It's been long, me residing in my body. oh wait, it's been hell long life for me living my life! But i couldn't figure out what's wrong?
Huh? Nothing's wrong everything is fine- more than fine But wait. Why do i feel it's wrong then? Deep! Down! Somewhere..... Ohh that's crap! And i am shit, since shit goes in my head what more do i expect? But wait, something's wrong
Do i need someone? Hell yeah, that's the whole point. But i have everyone:) supportive family, loving friends, me, myself! What more do i need? Bullshit! I told you right? I need SOMEONE! But, i have everyone ughhhhhhh!

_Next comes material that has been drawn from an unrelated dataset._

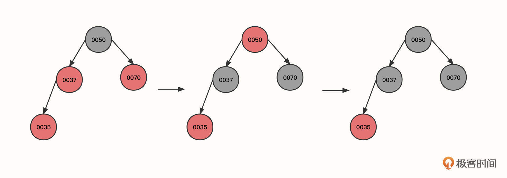 - 旋转之后0035节点的右子树路径多了一个黑色的节点0037,为了符合红黑树的特性,我们需要将0037父节点的颜色进行翻转,变成图里的第三个状态。

Should I die? Why will I? God has blessed me with such a beautiful life (◕ᴗ◕✿). Is it a lie? Hellll noooo! Why do you even think so? Sorrow and happiness are brothers in vain, one should learn to smile in pain.....
Ohh wait, where's the pain? I have a pretty life, i am happy right? Actually the pain is right here, in my head.
I am an attention seeker and i play victim card(but i swear, it's not my life guard) then,. What's the matter? Why did i cry? Why am I sad? Why do i want despair?
Ughhhhhhhh! It's long "me being me" but i couldn't figure out, what's wrong with me.